Demam Emas di Lombok
Pertambangan emas ilegal di Lombok menjamur. Meski membantu perekonomian warga setempat, dampak negatifnya pun tidak sedikit bagi masyarakat dan lingkungan.
Memburu emas
Booming emas di pulau Lombok telah secara radikal mengubah perekonomian wilayah yang pernah bergantung pada sektor perikanan dan pertanian itu. Industri yang berkembang ini membantu penduduk setempat seperti Rizki (foto) dalam mencari nafkah. Di tokonya, perhiasan emas dijual sekitar 250.000 rupiah per gram.
Substansi berbahaya
Meskipun penggunaan merkuri dalam penambangan emas tergolong sebagai aktivitas ilegal di Indonesia, masih saja orang-orang menggunakannya secara rutin untuk mengekstraksi emas di Lombok. Setiap tahun, puluhan ton merkuri terlepas ke alam. Pemakaian merkuri adalah tahap yang paling berbahaya dari proses pertambangan, karena merkuri dapat terserap ke dalam tubuh.
Menggali bukit
Di bukit di Sekotong ini, penuh dengan galian lubang pertambangan.

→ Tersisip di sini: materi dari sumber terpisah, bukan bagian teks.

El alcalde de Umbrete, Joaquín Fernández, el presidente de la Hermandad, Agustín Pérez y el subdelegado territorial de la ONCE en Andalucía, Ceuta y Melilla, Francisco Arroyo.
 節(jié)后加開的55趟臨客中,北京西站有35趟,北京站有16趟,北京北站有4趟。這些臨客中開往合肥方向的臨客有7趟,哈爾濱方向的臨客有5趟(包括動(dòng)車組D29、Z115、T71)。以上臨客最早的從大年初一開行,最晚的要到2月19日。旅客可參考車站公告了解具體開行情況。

Gubuk kecil yang ditutupi dengan terpal biru menandai pintu masuk ke terowongan di lereng ini, yang terletak di dekat desa Pelangan. Ratusan meter dari lorong-lorong yang digali dengan tangan dan peralatan seadanya, tanpa menggunakan teknik pertambangan.
Hidup di pertambangan
Menggunakan pahat kecil, penambang bernama Saiful, berusia 48 tahun, menghabiskan hari-harinya mengisi tas dengan bijih mentah. "Saya mulai kerja pada pagi hari dan saya tidak berhenti bekerja sampai matahari terbenam," katanya. "Semakin banyak tas ynag Anda isi, semakin ingin terus rasanya menggali´, karena Anda tidak tahu berapa banyak emas akan berada dalam satu tas."

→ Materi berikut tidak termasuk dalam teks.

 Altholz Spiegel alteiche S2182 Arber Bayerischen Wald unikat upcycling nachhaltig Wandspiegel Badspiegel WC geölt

Sempitnya terowongan galian
Terowongan hanya cukup memungkinkan seorang pria untuk merangkak ketika melaluinya. "Kadang-kadang, ketika kita menggali terowongan, sudah ada seorang teman lain di jalur terowongan, jadi kami harus mundur sedikit dan mulai menggali ke arah lain," kata Saiful. Satu-satunya cahaya berasal dari senter dikenakan oleh para penambang di kepala. Suhu di sini bisa mencapai 38 derajat Celcius.
Harapan emas
Banyak keluarga miskin telah mencoba peruntungan dalam bisnis emas di Lombok. Di desa Pelangan, Dewi yang berusia 29 tahun mengekstrasi bijih dari penggilingan, setelah tiga jam menghancurkan bijih mentah dan mengubahnya menjadi lumpur. Penggiling disimpan di tempat yang sama di mana keluarga tidur, makan dan hidup. Anak Dewi, tiba di rumah dari sekolah, memperhatikan ibunya bekerja.
Bahaya Merkuri
Di desa lain yang disebut Telage Lebur, Mashur, berusia 18 tahun memisahkan lumpur dari merkuri yang terkait dengan emas. Dia telah bekerja sebagai penambang emas sejak berusia 14 tahun. Baik dia, atau keluarganya, sadar akan risiko merkuri cair. Merkuri dapat membahayakan saraf, pencernaan dan sistem kekebalan tubuh manusia, serta paru-paru , ginjal, kulit dan mata mereka.
Kontroversi sianida
Menggunakan sianida untuk mengekstrak emas dari bijih halus merupakan proses yang kontroversial, karena sianida adalah senyawa kimia yang sangat beracun. Di Desa Tawun, sedimen yang dicampur dengan air secara langsung akan berubah menjadi bubur lagi dan diproses.
Ongkos ekologis
Hutan gambut di sini tidak mampu menjadi perlindungan atau menjadi penghambat untuk mencegah pencemaran lingkungan. Air di pulau ini terkontaminasi dengan merkuri dan sianida, serta sangat beracun bagi satwa liar di daerah tersebut.
Mengorbankan kesehatan
Bahan kimia yang digunakan untuk menambang emas tidak hanya berbahaya bagi lingkungan - tapi juga menimbulkan risiko serius bagi kesehatan masyarakat di pulau itu. Agis, 12 tahun, berdiri di bekas tempat pabrik sianida di desa Gili. Sawah desa dan tanah yang tercemar oleh racun. Pada tahun 2012, konsentrasi merkuri di rambut Agis adalah dua kali lipat standar Organisasi Kesehatan Dunia.